O que tenho a dizer sobre o dia do pai?

(que o amor não precisa de laços de sangue, só de presença)




O meu amor saiu a correr de uma reunião, na sexta-feira à tarde. Num observatório perdido algures na Suíça. Conduziu mais de quinze horas, sem parar. Atravessou quatro países. Foi devolver o carro. Apanhou um comboio. No sábado, quando chegámos ao auditório onde iria decorrer o espectáculo, já lá estava à nossa espera. Só para dar um abraço rápido e desejar boa sorte, pois a coisa pequena estava atrasada para a maquilhagem. Assistiu com esforço aos bailados todos. A Princesa e a Ervilha, Patinho Feio, Soldadinho de Chumbo, Sapatos Vermelhos, A Pequena Vendedora de Fósforos… Até que chegou a vez de A Polegarzinha. No escuro, vi-o iluminar-se com um sorriso. Ainda as luzes não tinham baixado, já o meu amor estava a aplaudir entusiasticamente. À nossa volta ouvia-se: “Que querido!”, “Que fofinho!”, “Que bem que ele dança!”. No meio de quase uma centena de raparigas, o Vasco nem sequer precisa de dançar lá muito bem para se destacar naturalmente. É o único rapaz.

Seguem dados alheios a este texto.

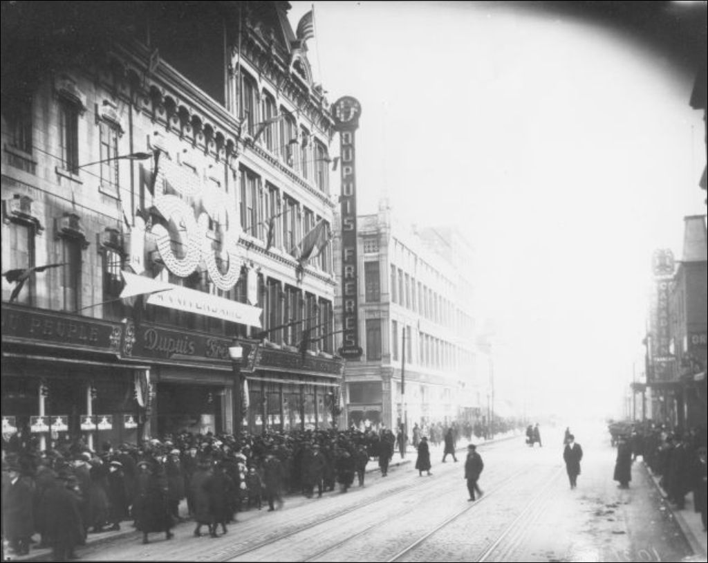 Magasin Dupuis Frères. Foule rassemblée pour profiter des rabais du 53e anniversaire, Mars 1921, Archives nationales à Montréal, Collection Scènes de rues de Montréal, (06M,P20,S3,P59), Photographe non identifié.

O meu amor acenava com a cabeça, com um orgulho de pertença que ultrapassava a sua timidez habitual. Porque ele fez quinze horas de estrada para o ver dançar cinco minutos. Um bailado que já conhecia de cor, dado que tinha assistido à socapa aos ensaios da semana anterior. À saída, o Vasco agarrou-se a ele a matar saudades. Agradeceu-lhe, sentido. E piscou-me o olho, como quem diz: “Bem te disse que ele ia chegar a tempo!” Podemos não ser a família típica, mas sei que os meus rapazes estão a crescer com a certeza inabalável de um amor que não precisa de genes comuns. Deve ser por isso que, no dia do concerto de violino no lar de idosos, mal fui ter com ele, o Vasco me atirou: “Mãe, eu prometo que vou tomar conta de vocês. Nunca vos deixarei num sítio destes, a ti e ao Pascal.”